I would compliment on just two small points. One is the issue of alignment between the two organizations. We hope to, by the end of this year so that it applies next year, we come up with a system of joint P&Ls and joint KPIs where key executives that need to cooperate in OXO and in SPIN will be receiving their bonuses, a significant portion of their bonuses tied to the same exact objective. So we hope that will align interests and will align efforts a lot more. And number two, and out of fairness to spin, we are quite conservative in how we measure the cash burn of spin. As Juan Carlos mentioned, if you think about premia, the percentage increase in sales that you would have to believe to make premia, just premia, a break-even business is very low, very, very low single digits. In other words, if you just take the incremental sales multiplied times the gross margin, thinking that having 47% of your sales tied to premia has to be driving incremental sales, then Premia, there is no doubt that Premia today is profitable. The problem is we wanted to avoid measurements such as that because they can then justify any number of things with regards to just spending more and more and more. And so we purposely, for purposes of the P&L and cash per spin, we said, no, no, no, I just want to know the cost that you're spending and the points that you sell to OXO. Incremental sales doesn't get included into your P&L, but we well know that this is driving a significant amount of incremental sales.
Thank you. Thanks, Adam.
The next question comes from the line of Thiago Portolucci calling from Goldman Sachs. Please go ahead.

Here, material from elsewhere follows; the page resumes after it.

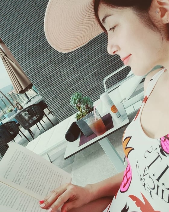 사진을 접한 네티즌들은 "예쁘다" "수영장에서 책이라니" "교양미 넘치네" 등 다양한 반응을 보였다.

Yes, hi. Good morning, everyone. Thank you very much for taking our questions. I would like to explore more the semester sales dynamics at OXO Mexico right now. It's been roughly the fourth quarter in a row that we are discussing traffic and what is happening there, what are the pressures, and when will it reflect. Obviously, there are a lot of moving parts, weather, macro that comes from the elections. But one thing that caught our attention this quarter was in the beginning of the presentation in Martin's prepared remarks, He said, you know, some loss of competitiveness versus other channels and other points of sales, number one. And on the opening remarks on the press release, I see a focus from management to work on assortment.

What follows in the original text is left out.